Kids Taste Preferences Linked to Growth, Development

New research published in PLoS ONE suggests children preference for sweet and salty tastes not only affects their food intake, but also their growth and development. The study found children who are tall for their age prefer sweets, while kids with higher amounts of body fat prefer salty foods.

PHILADELPHIA—New research published in the journal PLoS ONE suggests children preference for sweet and salty tastes not only affects their food intake, but also their growth and development. The study found children who are tall for their age prefer sweets, while kids with higher amounts of body fat prefer salty foods.

Children consume more sugar and salt than recommended which is why understanding the biology behind children’s preferences for these tastes is a crucial first step to reducing their intake. Scientists from the Monell Chemical Senses Center conducted a study to determine if salty and sweet taste preferences in children are related to each other, to markers of growth, and to genetic differences.

“Our research shows that the liking of salty and sweet tastes reflects in part the biology of the child," said study lead author Julie Mennella, Ph.D., a biopsychologist at Monell. Biology predisposes us to like and consume calorie-rich sweet foods and sodium-rich salty foods, and this is especially true for children. “Growing children’s heightened preferences for sweet and salty tastes make them more vulnerable to the modern diet, which differs from the diet of our past, when salt and sugars were once rare and expensive commodities."

For the study, the scientists tested 108 children between 5 and 10 years old, and their mothers, for salt and sweet taste preferences. The same testing method was used for both children and their mothers, who tasted broth and crackers that varied in salt content, and sugar water and jellies that varied in sugar content. The method, developed by Mennella and her colleagues at Monell, scientifically determines taste preferences, even for very young children, by having them compare two different levels of a taste, pick their favorite, and then compare that favorite with another, over and again until the most favorite is identified.

The researchers also had mothers and children list foods and beverages they consumed in the past 24 hours, from which daily sodium, calorie and added sugar intakes were estimated. Subjects then gave a saliva sample, which was genotyped for a sweet receptor gene, and a urine sample to measure levels of Ntx, a marker for bone growth. Weight, height, and percent body fat were measured for all subjects.

They found that not only were sweet and salty preferences correlated in children, and higher overall than those in adults, but children’s taste preferences also related to measures of growth and development: children who were tall for their age preferred sweeter solutions, and children with higher amounts of body fat preferred saltier soups. There was also some indication that higher sweet liking related to spurts in bone growth, but that result needs confirmation in a larger group of children.

Sweet and salty preferences were correlated in adults as well.
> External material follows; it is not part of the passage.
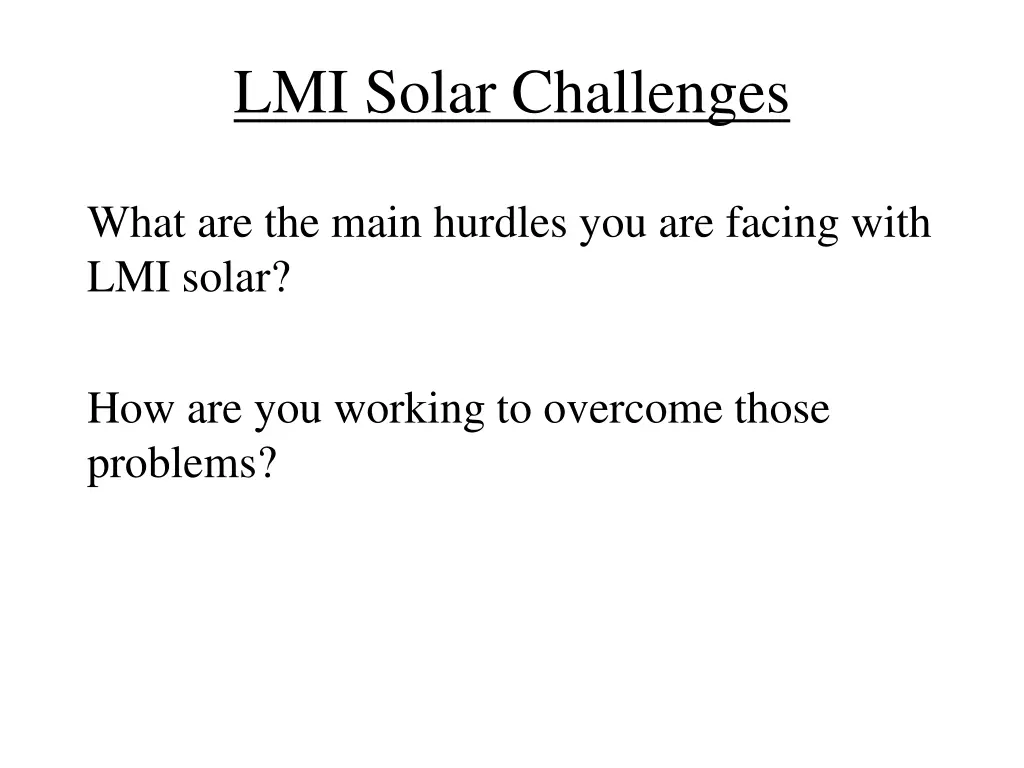 LMI Solar Challenges What are the main hurdles you are facing with LMI solar? How are you working to overcome those problems?

And in adults, but not in children, sweet receptor genotype was related to the most preferred level of sweetness.

“There are inborn genetic differences that affect the liking for sweet by adults," said collaborator Danielle Reed, Ph.D., “but for children, other factors—perhaps the current state of growth—are stronger influences than genetics."

Both children and adults who preferred higher levels of salt in food also reported consuming more dietary salt in the past 24 hours, but no such relationship was found between sweet preferences and sugar intake. This difference may reflect parents exerting greater control in their children's diet for added sugar than for added salt. Or it could reflect increased use of non-nutritive sweeteners in foods geared for children—in other words, the sweetness of some foods doesn't reflect their sugar content.

Current intakes of sodium and added sugars among U.S. children are in excess of recommendations. For almost all 2- to 8-year-olds, added sugars account for more than half of their discretionary calories (130 total discretionary calories are allowed for children of this age). For 4- to 13-year-olds, sodium intake is more than twice adequate levels (1,200-1,500 mg/day is allowed for children of this age). The children studied by Mennella and colleagues, two-thirds of whom were overweight or obese, also consumed twice adequate levels of sodium, and their added sugar intake averaged almost 20 teaspoons, or 300 calories, each day.